671 - Optimizing hyperparameters of U-Net-based brain segmentation algorithms for late 2nd and early 3rd trimester fetuses
Sunday, April 27, 2025
8:30am – 10:45am HST
Jung-Hoon Kim, Children's National Health System, Washington, DC, United States; Arion Tripathi, Children's National Health System, Mclean, VA, United States; Catherine Limperopoulos, Children's National Health System, Washington DC, DC, United States; Nickie Andescavage, Children's National Health System, Washington, DC, United States; Josepheen De Asis-Cruz, Children's National Health System, Washington DC, DC, United States
Research Associate Children's National Health System Washington, District of Columbia, United States
Background: Deep learning has significantly advanced brain MRI tissue segmentation in fetuses. Despite this, developing a model that performs optimally across a broad gestational age range (e.g., 17 to 41 weeks) remains challenging due to factors like rapid morphological changes and evolving tissue properties (e.g., water content, myelination).

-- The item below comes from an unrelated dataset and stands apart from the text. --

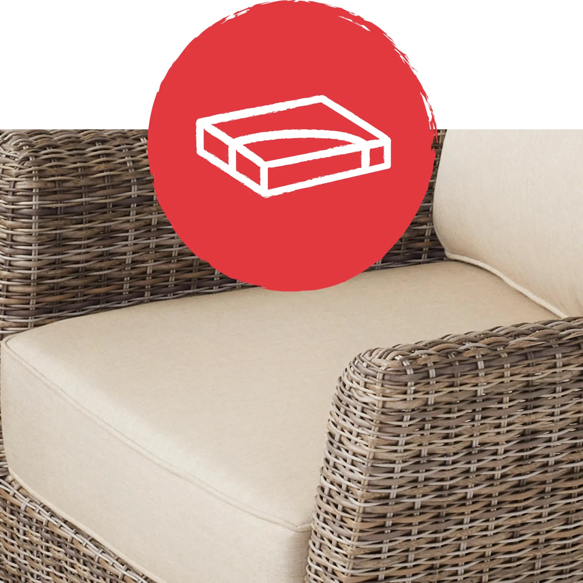 • Cushions and Pillows Are Made with Sunbrella® Fabric That Is Resistant to Stains, Mildew, Chlorine, and Fading

Objective: To improve the performance of a previously validated fetal brain segmentation algorithm on younger fetuses (i.e., < 32 weeks gestational age) through hyperparameter search. Design/Methods: In this new model, we increased the size of our training dataset from 65 to 124 fetal brain MRIs and widened the gestational age (GA) range from 23-39 to 19-39.4 weeks. We validated hyperparameters on 31 fetal datasets and tested on 3 fetuses with GAs of 23.1, 24.7, and 31.3 weeks. The initial hyperparameters were patch size = 48x48x48 (483), learning rate = 10-4, and epochs = 300. We then used different combinations of critical hyperparameters: patch size = 323 or 483, loss function: binary cross-entropy (BCE) or categorical cross-entropy (CCE), learning rate decay, early stopping mechanism, and data augmentation (DA). We evaluated the performance of models via visual inspection of outputs and comparing validation loss and Dice score (DS). Results: We found that a smaller patch size reduced validation loss by a factor of ~10 (from 0.13037 to 0.01426). In contrast, learning rate decay and early stopping mechanism had little effect on reducing validation loss. We observed training and validation losses decayed over epochs, suggesting the successful training of the model (Fig. 1). We showed that CCE achieved better segmentations on the testing set (Fig. 2; DS=0.68±0.20 vs. 0.58±0.18 with BCE). DA also improved the segmentation accuracy (for BCE, DS=0.68±0.19 vs. 0.58±0.18; with vs. without DA). Combining CCE with DA resulted in failed segmentation in one fetus; this was successfully segmented using the original model (Fig. 2C). The new model successfully segmented the 23.2-week fetal brain; segmentation failed with the original model (Fig. 3).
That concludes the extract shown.